Ive had brake judder to some degree for quite a while, The PO changed the Lower bushes just before I bought the car, I have changed the Upper bushes, upper ball joints, inner and outer tie-rods, AR links, AR bushes, drive shafts, bearings so it's not like I haven't explored a lot of these avenues at various points.
It seems odd that it's a reoccurring issue and last time I thought I had fixed it, it was then exacerbated by me changing a wheel hub (bearing) which made me think maybe I was doing something wrong during mounting.
My last set of discs were not too bad runnoutwise, however, new calipers and discs fixed the issue for a fair while. I don't disagree that it may be bush related, however, that's a reasonably expensive option and I would like to ensure that I'm not throwing anything else into the mix if going down that route.
M
** My current method for brake disc mount is as follows; After removing current disc (after loosening wheel nuts as evenly as possible), clean hub with wirebrush and brake cleaner ensure no grit etc on the hub or the threads. Get new disc and clean thoroughly with brake cleaner and rags until no evidence of oil or grime is present - clean hands. carefully mount disc onto hub making sure not to get finger prints on disc faces. using wheel nuts makeup disc onto hub and centralize. locate disc locking screw and screw into place using recommended torque.
remove wheel nuts and continue with brake/wheel refit.
17th Mar 2017 3:50 pm
RBP
Member Since: 29 Aug 2012
Location: N Yorks
Posts: 1936
Aerialmark wrote:
Would I right to assume that my front discs may need changing ? I am getting brake wobble when i brake quite heavy from 70. I have checked paper work and they were changed shortly before I bought the car in 2015 at 139,000 and the car has now done over 154,00.
Hi Mark,
Discs should last longer than that in my experience.

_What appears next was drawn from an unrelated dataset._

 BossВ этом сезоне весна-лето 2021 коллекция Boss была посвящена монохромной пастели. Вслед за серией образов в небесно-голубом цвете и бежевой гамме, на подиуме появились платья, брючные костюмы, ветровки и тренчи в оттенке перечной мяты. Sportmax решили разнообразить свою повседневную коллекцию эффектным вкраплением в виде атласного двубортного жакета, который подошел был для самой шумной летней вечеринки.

I change the pads every 20000 miles or so and plan on changing the discs every 40000 (both whether they need doing or not - was plenty of meat left on pads but I only do 10000 miles a year).

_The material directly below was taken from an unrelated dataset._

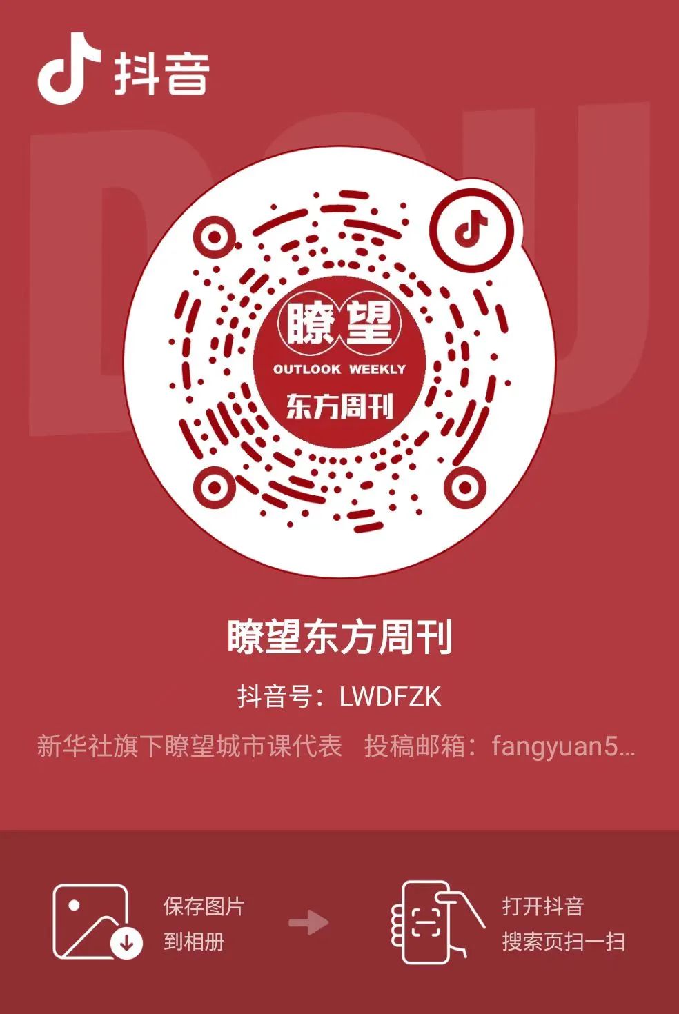 观看“瞭望”抖音号直播请先下载抖音APP,并使用抖音APP扫描二维码

A relation had a D3 and seemed to need new discs and pads every year. Either she was driving like a dangerous lunatic or something was not right....
Could be bushes. Either way it's not that bad at the moment so it will have to wait. Thanks Richard 👍The happiest of people don't necessarily have the best of everything;
They just make the best of everything they have.
17th Mar 2017 5:17 pm
L319
Member Since: 14 Dec 2013
Location: Herefordshire
Posts: 2081
Alphamale wrote:
Discs don't warp, that's not to say that you won't get one that has been poorly manufactured, worn badly or not been fitted properly to clean mating surfaces, but the steel in the disc won't warp even when driven aggressively, instead, they can wear unevenly. This uneven wear is caused by the brake pads themselves as they intermittently touch an out-of-true disc i.e. disc not seating property on the hub.

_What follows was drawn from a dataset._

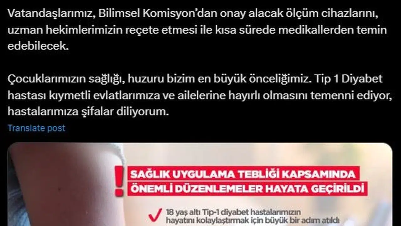 SGK'nın Sağlık Uygulama Tebliği'ne yönelik değişikliği, Resmi Gazete'nin bugünkü sayısında yayımlandı. Çalışma ve Sosyal Güvenlik Bakanı Vedat Işıkhan, tebliğ değişikliğinin getirdiği yenilikleri sosyal medya hesabından açıkladı. Bakan Işıkhan, "Cumhurbaşkanımız Sayın Recep Tayyip Erdoğan'ın açıkladığı ve Resmi Gazete'de yayımlanan Sağlık Uygulama Tebliği ile Tip 1 Diyabet hastası evlatlarımız için önemli bir iyileştirmeyi hayata geçirdik. 18 yaş altı Tip 1 Diyabet hastası çocuklarımızın kan şekeri takibini yapabilmek için ihtiyaç duydukları 'Sürekli Cilt Altı Glukoz İzlem Sistemi' Sosyal Güvenlik Kurumumuz tarafından geri ödeme listesine dahil edilmiştir. Vatandaşlarımız, Bilimsel Komisyon'dan onay alacak ölçüm cihazlarını, uzman hekimlerimizin reçete etmesi ile kısa sürede medikallerden temin edebilecek. Çocuklarımızın sağlığı, huzuru bizim en büyük önceliğimiz. Tip 1 Diyabet hastası kıymetli evlatlarımıza ve ailelerine hayırlı olmasını temenni ediyor, hastalarımıza şifalar diliyorum" ifadelerini kullandı.

This phenomenon is called Disc thickness Variation (DTV). Whilst a Dial gauge can be used to check run out it wont in itself measure DTV, a micrometer is needed as well to measure this. Run out or wear in the hub will set up this wear and sticking pads/ pistons not fully retracting from the disc will as well . The seal in the piston has designed in a degree of roll back to retract the piston when the pressure is released. Vehicle used for long journeys with little brake application are more prone than frequent applications such as town driving.
17th Mar 2017 6:24 pm
Alphamale
Member Since: 28 May 2014
Location: Belfast
Posts: 497
Just found this and think is will be of interest to everyone. http://www.mossmotors.com/SiteGraphics/Pages/brake_discs.html I found the section on bedding-in to be particularly interesting and worth taking note of. Won't mean you should discount other problem areas, but may go some way to explaining why new discs 'warp' if not bedded-in properly.